ASSIGNMENT: In the records below, find the line holding "2차로 지급되는 소비쿠폰은"; copy it and every line after it to the end, omitting all images.

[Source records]
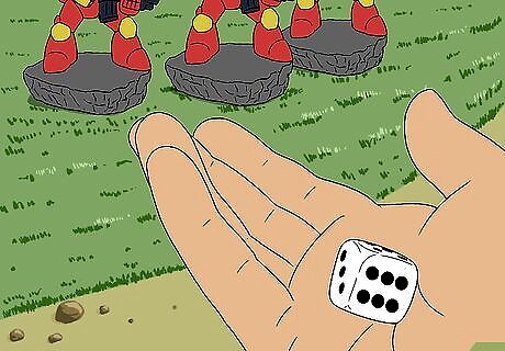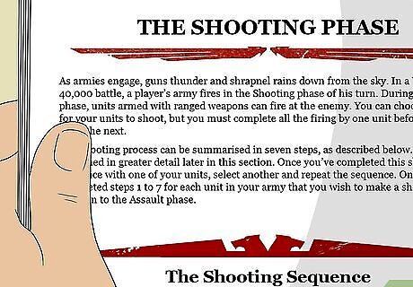 Enter the shooting phase and make any ranged attacks. Now, each of your units with ranged weapons can make an attack against any enemy the unit can “see” within its weapon's range. All models in that unit fire at the same time. Roll a die and use the unit's Ballistic Skill (BS) to see whether it was a hit. Follow the Wound Chart and instructions in the Rulebook to check for injured or killed enemies. Only one model in the unit needs to "see" the enemy. If you're not sure, put your eye down to the board and look. Banners, wings, weapons, and other "poky bits" don't count; you need to be able to see the core of the model. There are many shooting rules not covered here. It's worth reading this Rulebook section in detail.
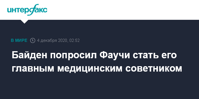 Москва. 4 декабря. INTERFAX.RU - Кандидат от Демократической партии Джо Байден, по предварительным данным, победивший на выборах президента США, попросил главного инфекциониста страны Энтони Фаучи остаться на посту директора Института аллергий и инфекционных болезней, а также стать главным медицинским советником и членом его команды реагирования на COVID-19.
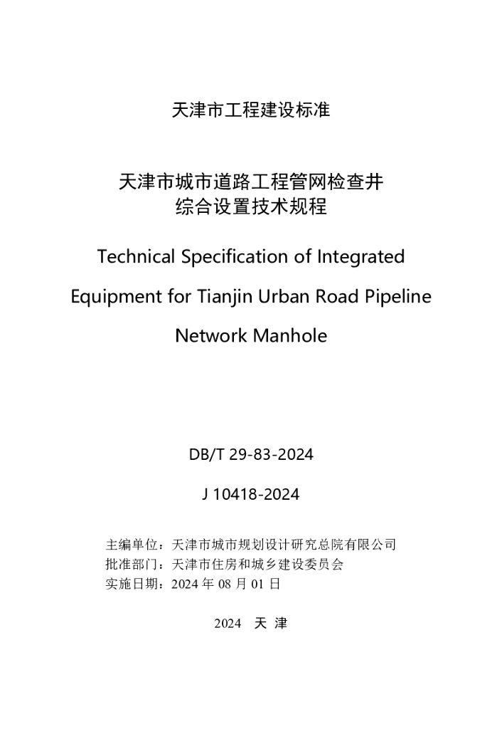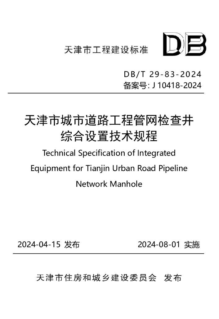 DB/T 29-83-2024 天津市城市道路工程管网检查井综合设置技术规程
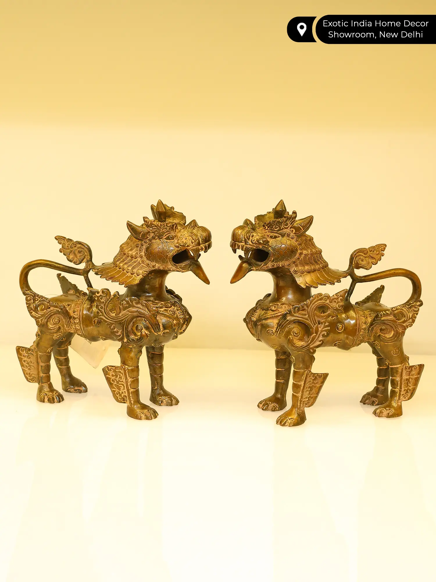 The choice of brass as the material for these temple lions is significant. Brass, with its warm, metallic sheen and durability, has long been a favored medium for religious and decorative objects in many cultures. The metal's ability to hold fine detail allows for the intricate patterns and textures that adorn these lions, from the swirling designs on their bodies to the sharp, defined edges of their claws and horns. The patina achieved through the casting and finishing process lends a sense of age and authenticity, suggesting a heritage passed down through generations. Each nuance of their form, the texture of their fur, the curve of their tails, and the sharp angles of their decorative elements, has been meticulously rendered to create a truly authentic representation.
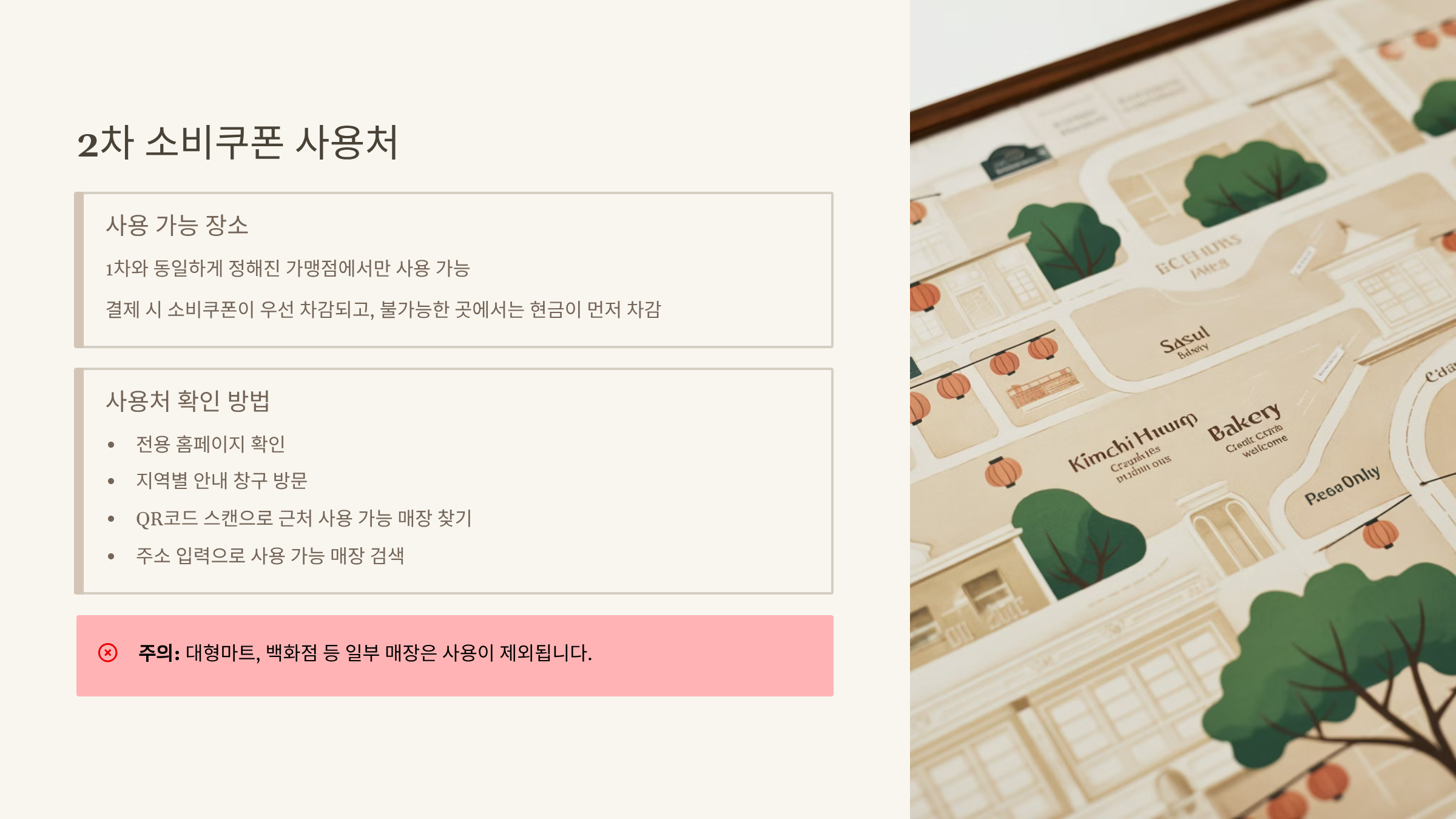 2차로 지급되는 소비쿠폰은 1차 때와 마찬가지로 정해진 가맹점에서만 사용이 가능합니다. 이와 관련된 시스템은 동일하게 운영되기 때문에, 가능한 매장에서 결제하면 소비쿠폰이 우선 차감되고, 불가능한 곳에서는 현금이 먼저 빠져나가요. 꼭 미리 사용처를 확인하고 이용하는 것이 좋습니다.
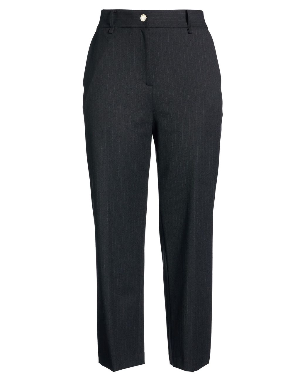 Straight-leg pants, crepe, stretchy fabric, pinstriped, no appliqués, low-crotch, belt loops, relaxed fit, zipper fastening, button fastenings, slit pockets, machine wash or dry clean, do not bleach, do not tumble dry , Color: Black , Size: 10
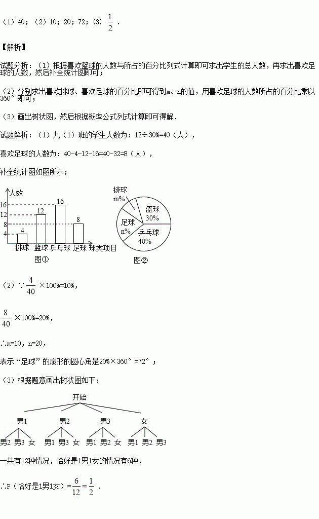 某中学九(1)班为了了解全班学生喜欢球类活动的情况,采取全面调查的方法,从足球、乒乓球、篮球、排球等四个方面调查了全班学生的兴趣爱好,根据调查的结果组建了4个兴趣小组,并绘制成如图所示的两幅不完整的统计图(如图①,②,要求每位学生只能选择一种自己喜欢的球类),请你根据图中提供的信息解答下列问题:

ANSWER TO THE PROBLEM:
 2차로 지급되는 소비쿠폰은 1차 때와 마찬가지로 정해진 가맹점에서만 사용이 가능합니다. 이와 관련된 시스템은 동일하게 운영되기 때문에, 가능한 매장에서 결제하면 소비쿠폰이 우선 차감되고, 불가능한 곳에서는 현금이 먼저 빠져나가요. 꼭 미리 사용처를 확인하고 이용하는 것이 좋습니다.
 Straight-leg pants, crepe, stretchy fabric, pinstriped, no appliqués, low-crotch, belt loops, relaxed fit, zipper fastening, button fastenings, slit pockets, machine wash or dry clean, do not bleach, do not tumble dry , Color: Black , Size: 10
 某中学九(1)班为了了解全班学生喜欢球类活动的情况,采取全面调查的方法,从足球、乒乓球、篮球、排球等四个方面调查了全班学生的兴趣爱好,根据调查的结果组建了4个兴趣小组,并绘制成如图所示的两幅不完整的统计图(如图①,②,要求每位学生只能选择一种自己喜欢的球类),请你根据图中提供的信息解答下列问题:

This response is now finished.